Pavemetrics Sys. v. Tetra Tech
2021 U.S. Dist. LEXIS 117651 (C.D. Cal. 2021)
In this case, Tetra Tech moved for a preliminary injunction to enjoin Pavemetrics from importing, using, and selling their “Laser Rail Inspection System” (LRAIL) products on the grounds of patent infringement. Tetra Tech’s ‘293 patent generally relates to a three-dimensional railway track inspection and assessment system that collects and processes data during and/or after a high speed assessment of a railway track. In 2018, Pavemetrics began developing AI-based deep learning algorithms using convolutional neural networks to identify defects in railway tracks in their LRAIL products.
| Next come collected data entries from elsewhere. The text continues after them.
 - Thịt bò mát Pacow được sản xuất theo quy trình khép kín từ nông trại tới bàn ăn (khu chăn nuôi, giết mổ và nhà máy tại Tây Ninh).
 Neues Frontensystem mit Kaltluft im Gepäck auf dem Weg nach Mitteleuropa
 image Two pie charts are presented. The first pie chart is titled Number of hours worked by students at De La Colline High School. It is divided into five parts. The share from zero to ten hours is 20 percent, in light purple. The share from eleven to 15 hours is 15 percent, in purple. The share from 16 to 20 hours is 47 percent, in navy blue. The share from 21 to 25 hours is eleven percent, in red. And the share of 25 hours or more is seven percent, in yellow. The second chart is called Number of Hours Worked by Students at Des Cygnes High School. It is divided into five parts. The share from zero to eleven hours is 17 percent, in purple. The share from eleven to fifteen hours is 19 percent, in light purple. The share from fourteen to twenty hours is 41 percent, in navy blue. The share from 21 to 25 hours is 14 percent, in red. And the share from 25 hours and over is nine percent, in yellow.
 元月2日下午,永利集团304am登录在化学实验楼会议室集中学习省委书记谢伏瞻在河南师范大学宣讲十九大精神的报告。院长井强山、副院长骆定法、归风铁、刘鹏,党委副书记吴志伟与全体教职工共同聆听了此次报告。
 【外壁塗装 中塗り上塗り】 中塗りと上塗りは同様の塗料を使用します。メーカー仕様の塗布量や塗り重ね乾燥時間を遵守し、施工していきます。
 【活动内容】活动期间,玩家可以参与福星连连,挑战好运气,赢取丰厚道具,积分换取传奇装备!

Ultimately, the District Court concluded that Tetra Tech could not demonstrate a likelihood of success for a preliminary injunction because of substantial questions regarding infringement and invalidity. With regard to infringement, the Court noted that substantial questions remain because Tetra Tech relies on the “gradient neighborhood” limitation being reflected on a prior design of Pavemetrics’s LRAIL product from two years prior to the issuance of the asserted patent. At that time, Pavemetrics significantly changed how LRAIL processed data when it switched to detecting missing features using deep neural networks. The Court agreed that Tetra Tech had not provided sufficient evidence to indicate Pavemetrics’s “deep neural network” design within the current product meets the “moving gradient neighborhood like a sliding window over the 3D elevation data using the processor,” as recited in claim 1.
With regard to invalidity, the Court determined there are substantial questions because Pavemetrics alleged that one of its prior designs anticipates claim 1 of Tetra Tech’s ‘293 Patent. For these reasons, the Court denied the motion for preliminary injunction.
IBM v. Zillow Grp., Inc.
2022 U.S. Dist. Lexis 41831 (W. D. Wash. 2022)
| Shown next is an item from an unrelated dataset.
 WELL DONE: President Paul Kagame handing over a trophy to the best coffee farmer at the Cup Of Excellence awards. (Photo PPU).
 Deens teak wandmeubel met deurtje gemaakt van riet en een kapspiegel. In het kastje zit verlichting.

In this case, Zillow filed a motion to dismiss IBM’s claims of patent infringement on the grounds of ineligible subject matter under 35 U.S.C § 101. The ‘676 patent generally relates to a method of annotating response sets via an adaptive algorithm and the supplied annotations are used for a visualization system that present resource response results. In the specification, the ‘676 patent states that the “system discovers contexts and context attributes among users which can be used predictively,” by using “a highly specialized and optimized combination of supervised & unsupervised logic along with” automated entry of learned results. Col. 19, Lines 39-44.
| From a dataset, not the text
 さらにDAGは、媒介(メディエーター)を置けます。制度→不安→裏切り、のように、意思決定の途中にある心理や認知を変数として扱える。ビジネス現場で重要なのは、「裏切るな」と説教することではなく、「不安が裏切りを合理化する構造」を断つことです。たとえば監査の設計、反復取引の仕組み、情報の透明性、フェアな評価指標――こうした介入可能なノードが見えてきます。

Although the specification of the ‘676 Patent appears to describe improvements relating to computer and/or search engine functionality, the Court focused on the subject matter recited in the claims for step one of the Alice inquiry. The Court found that the claimed subject matter was directed to an abstract idea because the claim language was result-oriented and recited a process that could be performed with a pen and paper. The claims failed to recite the inner functionality of the invention.
Under Alice step two, the Court concluded that the claims failed to satisfy the second Prong of the test for a couple of reasons. First, the specification failed to provide a description of the alleged inventive concepts offered by IBM. Second, the Court determined that the claims in the ‘676 patent do not provide a specific, discrete implementation of the abstract ideas for applying and ordering an annotation function, mapping the user context vector with the resource response set, or generating an annotated response set. Accordingly, the Court concluded the ‘676 Patent is invalid under 101 and the related patent infringement count is dismissed for failing to state a claim upon which relief can be granted.